Igreja Paroquial de São Tiago

 

É a sede da paróquia de São Tiago, paróquia que em termos geográficos e populacionais corresponde à freguesia do Jardim da Serra [1]. Foi aliás a criação da paróquia que despoletou o sentimento que levaria à criação da freguesia.

Inicialmente instalada na capela de Nossa Senhora da Consolação, situada no sítio do Foro, a sede da paróquia viria depois a ser transferida para o sítio das Corticeiras, onde ficou instalada num armazém para o efeito adaptado, acabando posteriormente por ser transferida para instalações próprias, ainda que provisórias, construídas também no sítio das Corticeiras, em terrenos doados à paróquias, em 1967 por dois habitantes locais, José Francisco Gouveia e Manuel dos Santos, na altura emigrados na Venezuela.

De há muito é aspiração grande de todos os paroquianos iniciar as obras para a construção do novo templo. Punha-se no entanto o problema de encontrar um terreno apropriado, bem localizado, de modo que a igreja viesse a servir o melhor possível toda a população.

Existia um local para onde os olhares de muitos se dirigiam, parecendo ter as condições que se requeriam. Mas não havia ainda dinheiro para comprar o terreno e por isso nunca fora dado o passo decisivo.

Acontece que dois filhos do Estreito de Câmara de Lobos, nascidos na zona que pertence à nova paróquia, residentes em Venezuela, vieram de visita à sua terra e à sua família.

No dia 1 de Novembro quiseram eles custear a tradicional festa em honra de S. Tiago, orago da pequenina capela do sitio do Foro servindo provisoriamente de sede de paróquia.

Mas o entusiasmo da sua fé não ficou limitado à festa de que foram festeiros.

Reconhecendo a urgência da nova igreja procuraram o seu pároco, reverendo  Pe. João de Jesus Freitas, para lhe comunicarem a sua vontade de oferecer o terreno para a sua construção [...].

A generosa oferta dos Srs. José Francisco Gouveia e Manuel dos Santos, oferta de 1700 metros quadrados de terras, que eles compraram para entregar à paróquia, é digna de todo o relevo [2].

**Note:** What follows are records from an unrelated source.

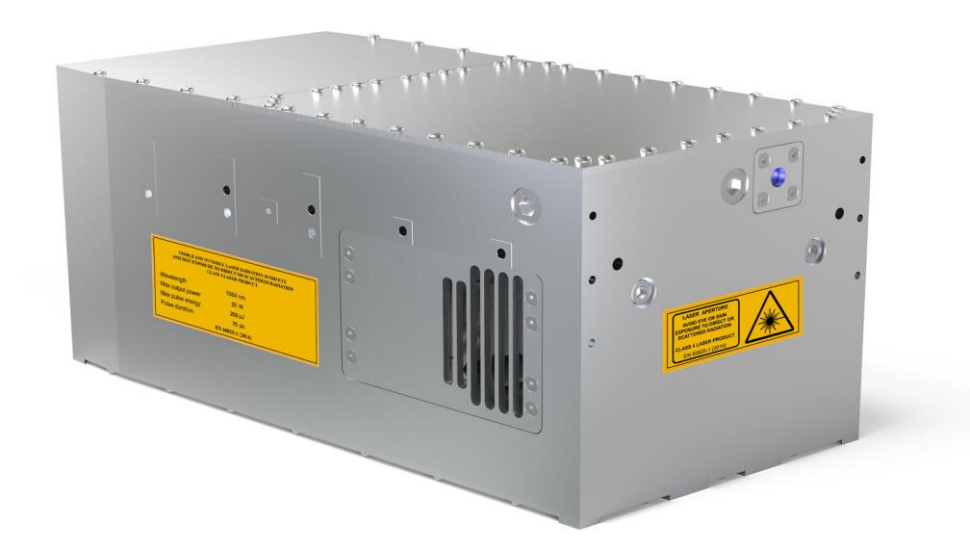
Figure 1: Lampo laser head including driving electronics and air cooling fans.

Bright Solutions is glad to introduce Lampo , the new family of compact ultrafast lasers generating high peak power ps laser pulses at a repetition rate selectable over a wide frequency range, externally triggerable from 50 kHz to 4 MHz.
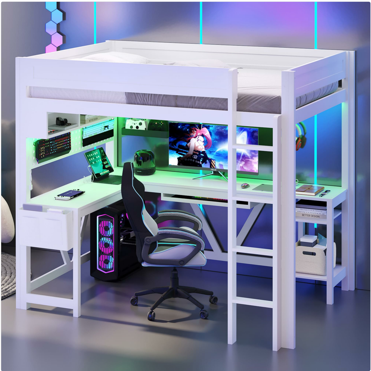
Image: Overall view of the DERCASS Full Size Gaming Loft Bed in white, showcasing the integrated desk, storage, and ladder.
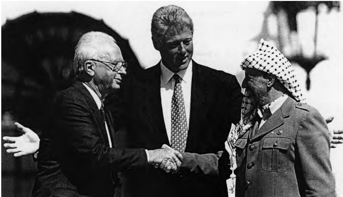
President Clinton with Rabin and Arafat after the signing of the Israeli-PLO peace accord, September 1993.

21 Study the photograph, and then answer the questions which follow.

Contudo, a transferência da sede da paróquia desde a capela de Nossa Senhora da Consolação, onde primitivamente havia ficado, para essa localização, não foi pacífica.

Com efeito, a população integrante da nova paróquia, cedo se dividiria na opinião sobre a localização da sede paroquial, recaindo a opção de uns, aqueles que viviam nas proximidades da capela de Nossa Senhora da Consolação, na transformação desta capela em sede paroquial e outros, residentes em zonas mais distantes, na construção de um novo templo com uma localização mais central, relativamente ao agregado populacional. Entre os adeptos de uma e outra opção, não faltariam acusações e ódios, tendo até surgido na imprensa acusações de que, a transferência da sede paroquial para as Corticeiras teria subjacente interesses comerciais.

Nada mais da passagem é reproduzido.